Eddie the Eagle (Ultra HD 4K Blu-ray)

July 7, 2016 6 Min Read

Review by: Matt Brighton and Matt Malouf

Plot: What’s it all about?

As a young kid with a brace on his leg, Eddie (Tom Costello) wants to become an Olympian when he grows up. He’s supported by his mother, but his father tries to talk him out of it. Obviously, he doesn’t listen to his father, and pursues this dream anyway. The adult Eddie (Taron Egerton) continues to train, and eventually begins trying ski-jumping. Eventually, he’s discovered by coach Bronson (Hugh Jackman). Eddie begins training with Bronson for the 1988 Olympics. I’ll confess that when I saw the previews for Eddie that I swore it starred Daniel Radcliffe in the title role. I know that’s a rare comment, but I was convinced that, under a wig and some heavy makeup that was in fact, him. While I don’t think Egerton and Radcliffe favor each other, it just caught me off guard. Still, Egerton does a good job in the lead role. It’s the film that ultimately lets him down.

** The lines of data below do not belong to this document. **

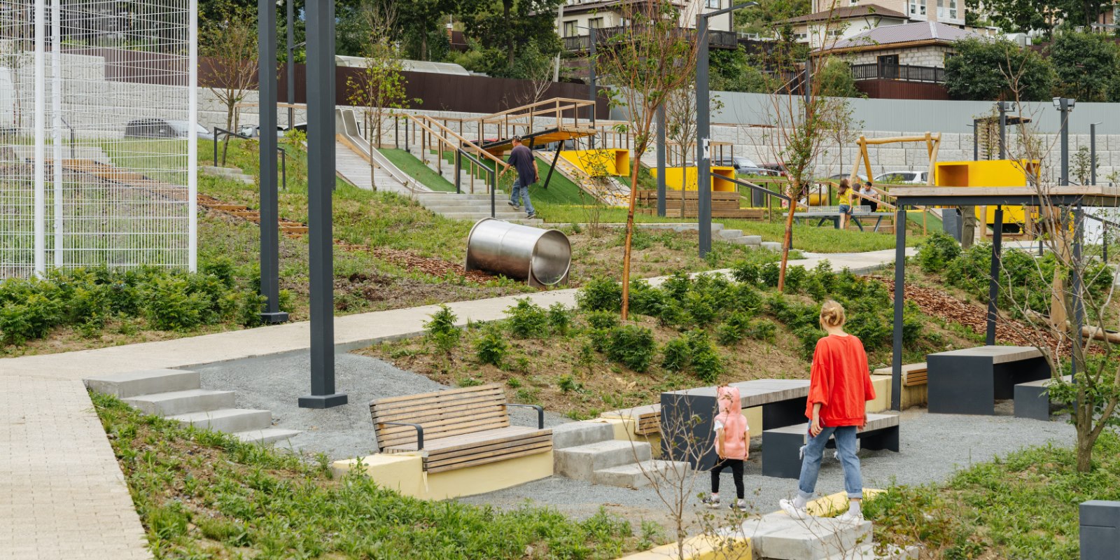 Всё это — новый формат благоустройства «Многоуровневый ландшафт», который разработан специально для регионов с перепадами высот. Ещё на этапе проектирования архитекторы учли все особенности рельефа, чтобы создать органичное пространство.
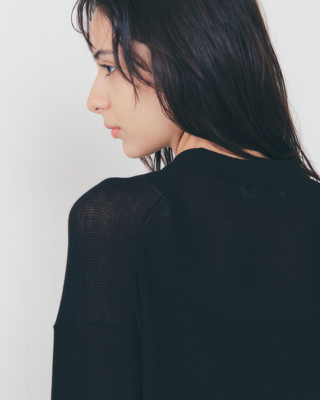 14ゲージの片畦編みによる小ぶりな襟付き長袖ニットカーディガン。飽きのこないデザインのため、長くご愛用いただけます。
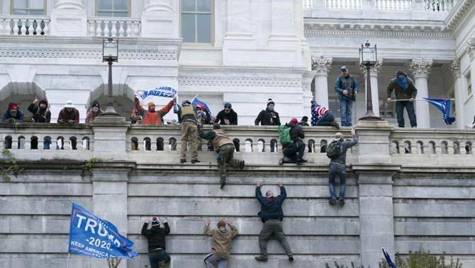 Dicho y hecho, los primeros grupos, que fueron creciendo hasta congregar a decenas de miles en los alrededores del Capitolio, forzaron la entrada al emblemático edificio rompiendo las ventanas y escalando hasta los tejados, sirviéndose incluso de las máquinas elevadoras que se usan para limpiar las ventanas.
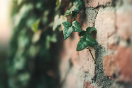 Green Ivy Leaves Climbing Brick Wall in Soft Focus Sunset Lighting.

While based on true events, I can’t comment on how truthful the film stays to the facts, but I found that irrelevant. Hollywood has a way of taking fact-based stories and fabricating them to their advantage. While one could call the film inspirational, it’s also riddled with clichés and endless scenes of Eddie being trained and told he’s not good enough. Cool Runnings told a fairly similar story about 4 bobsledders, but it was also a lot more lighthearted and fun than this film. Not that this film had to be that way to succeed, but Eddie seems so pedestrian. The film is well acted, though Jackman isn’t asked much here, but there’s very little that held my interest. I think it’s that the film lacks a strong conflict that it feels a bit too slight. There is a good message here, I suppose, but it’s buried under clichés and repetitiveness. Some viewers will give in to this film, but I couldn’t.

Video: How’s it look?

There are some films that seem to be destined for Ultra HD and others that, well, don’t seem to make much sense. Eddie the Eagle is a new film and the Ultra HD/4K format new as well, so maybe Fox is using any and all well-reviewed films to help spur its growth. But if you look at the titles that are available, there are a lot of action and science-fiction films and this one just seems to be…out of place. Having just watched the Blu-ray version, there wasn’t much of a noticeable difference in these two. Both offer a very stunning 2.39:1 HD transfer with a bit of an edge to the 4K version with its improved color depth and range. But this is really only noticeable when looking at the two in an A/B comparison (and I highly doubt anyone will be doing that). Is the Ultra HD version better in regard to looks? Yes. Is it worth its own 4K disc? I don’t think so.

Audio: How’s it sound?

Like the video presentation, there is something “new” when it comes to the audio as we get a Dolby Atmos track that replaces the DTS HD Master Audio track found on the Blu-ray. As is the case with all Atmos tracks, there is a down sampled Dolby TrueHD version to boot. But again, I kept scratching my head asking what the major difference in quality was. Does the Atmos track sound better than the DTS HD Master Audio counterpart? Yes. A little. But still, this isn’t a movie that screams for audio quality and I feel that this HD track might be a bit wasted. Still, vocals are strong and crisp, the Atmos track does make the most of what it has been given and I doubt anyone will be let down by the way this sounds. Still, I have to ask myself – with so many other Fox titles out there that would make much better use of the Ultra HD audio and video features – why give this one the green light?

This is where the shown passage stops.